Exercise description: Would it be possible to output exactly, and only, the lines below from the one holding "김해 테라한방병원 예약" to the last line, both included, with every picture left out?

(Items listed in a dataset)
——————————
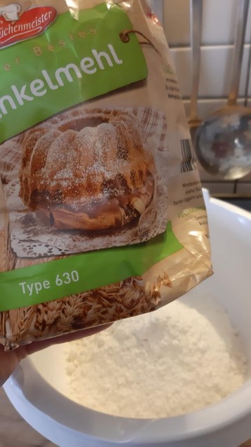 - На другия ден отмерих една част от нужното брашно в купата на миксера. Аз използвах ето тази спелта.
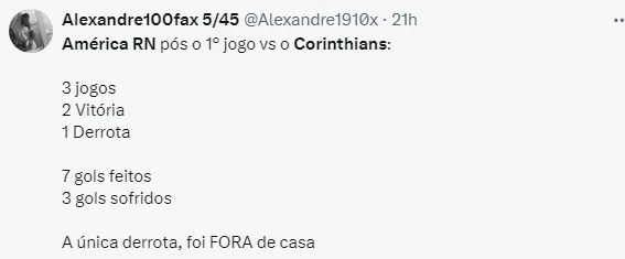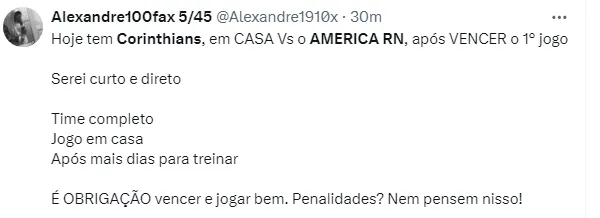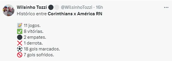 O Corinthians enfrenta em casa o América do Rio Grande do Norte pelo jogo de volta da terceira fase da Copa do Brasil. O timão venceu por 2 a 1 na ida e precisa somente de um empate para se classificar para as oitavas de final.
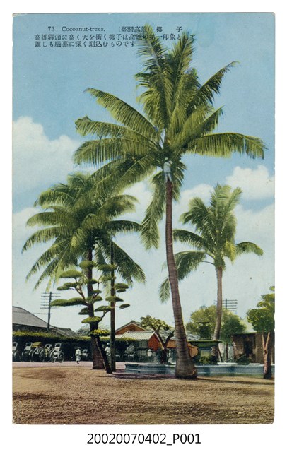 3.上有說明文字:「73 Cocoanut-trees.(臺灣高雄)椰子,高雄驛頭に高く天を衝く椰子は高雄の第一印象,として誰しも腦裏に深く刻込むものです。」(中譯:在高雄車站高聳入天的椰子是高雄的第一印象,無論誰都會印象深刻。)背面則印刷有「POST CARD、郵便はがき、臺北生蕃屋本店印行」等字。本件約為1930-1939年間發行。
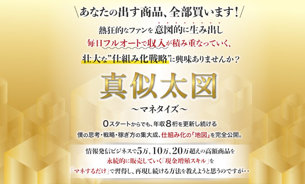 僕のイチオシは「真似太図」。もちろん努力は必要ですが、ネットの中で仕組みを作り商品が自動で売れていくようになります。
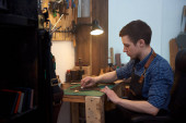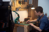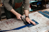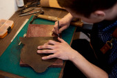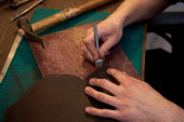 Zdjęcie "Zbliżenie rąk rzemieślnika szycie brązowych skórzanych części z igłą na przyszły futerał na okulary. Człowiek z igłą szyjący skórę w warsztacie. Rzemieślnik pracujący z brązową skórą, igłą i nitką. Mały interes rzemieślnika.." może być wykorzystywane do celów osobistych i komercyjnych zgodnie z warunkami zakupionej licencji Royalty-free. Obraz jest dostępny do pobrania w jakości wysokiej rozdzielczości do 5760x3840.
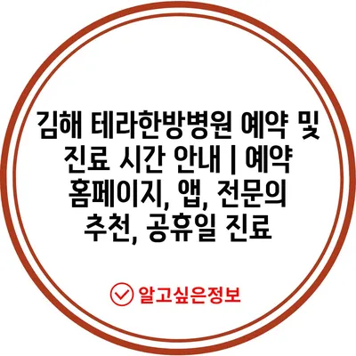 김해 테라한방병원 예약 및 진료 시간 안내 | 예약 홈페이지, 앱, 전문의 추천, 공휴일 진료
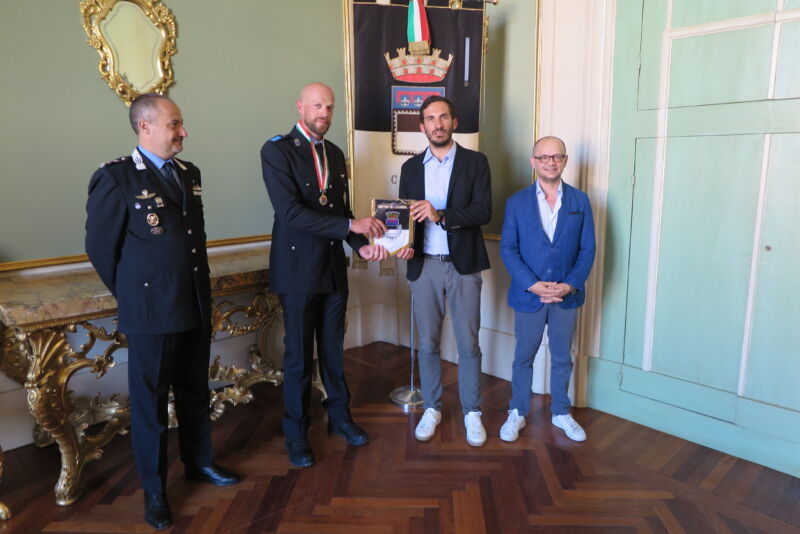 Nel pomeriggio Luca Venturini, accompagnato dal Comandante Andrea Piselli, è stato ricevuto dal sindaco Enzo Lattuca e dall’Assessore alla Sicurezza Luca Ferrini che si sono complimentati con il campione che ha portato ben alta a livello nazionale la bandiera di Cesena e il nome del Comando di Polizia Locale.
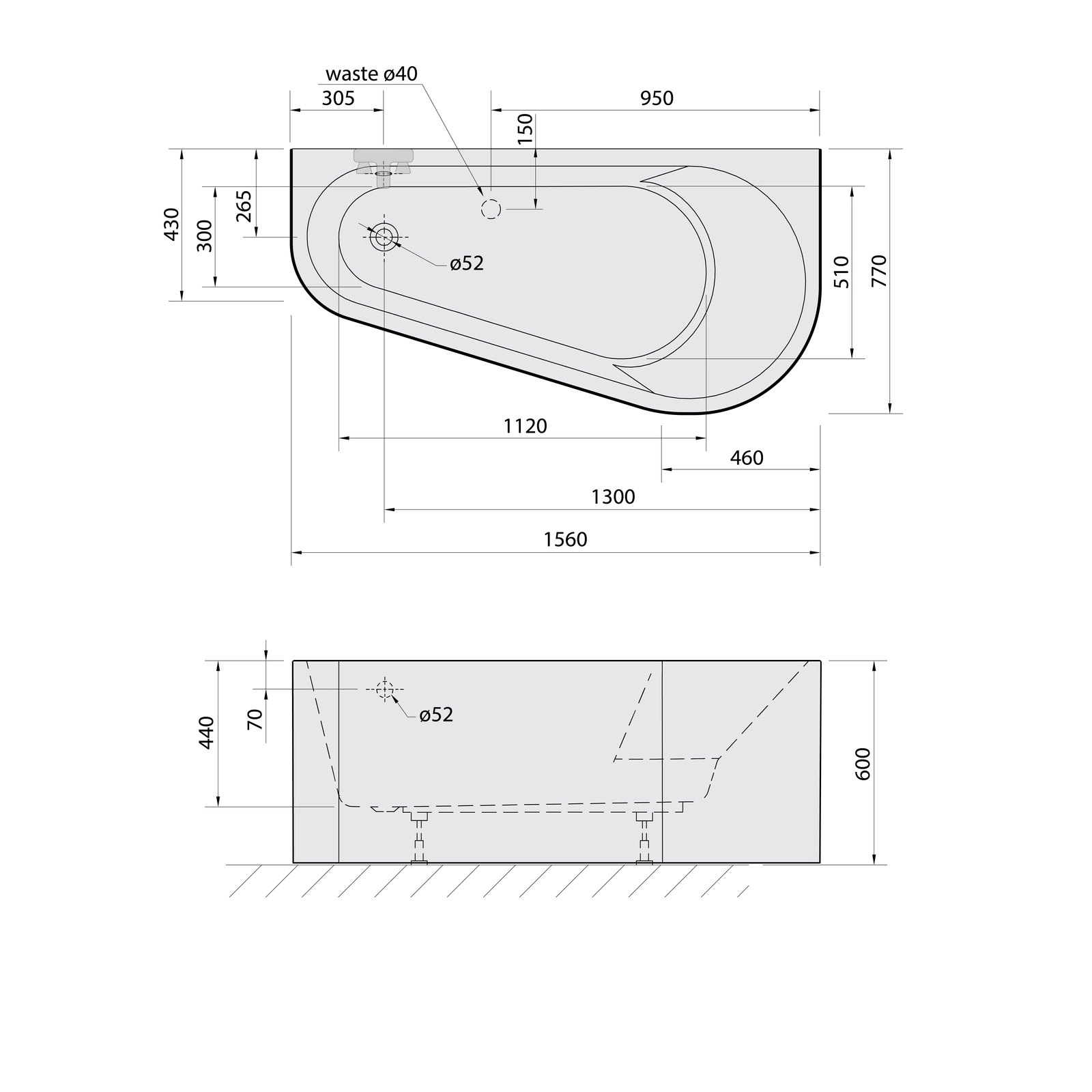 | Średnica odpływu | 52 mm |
——————————
Answer space:
 김해 테라한방병원 예약 및 진료 시간 안내 | 예약 홈페이지, 앱, 전문의 추천, 공휴일 진료
 Nel pomeriggio Luca Venturini, accompagnato dal Comandante Andrea Piselli, è stato ricevuto dal sindaco Enzo Lattuca e dall’Assessore alla Sicurezza Luca Ferrini che si sono complimentati con il campione che ha portato ben alta a livello nazionale la bandiera di Cesena e il nome del Comando di Polizia Locale.
 | Średnica odpływu | 52 mm |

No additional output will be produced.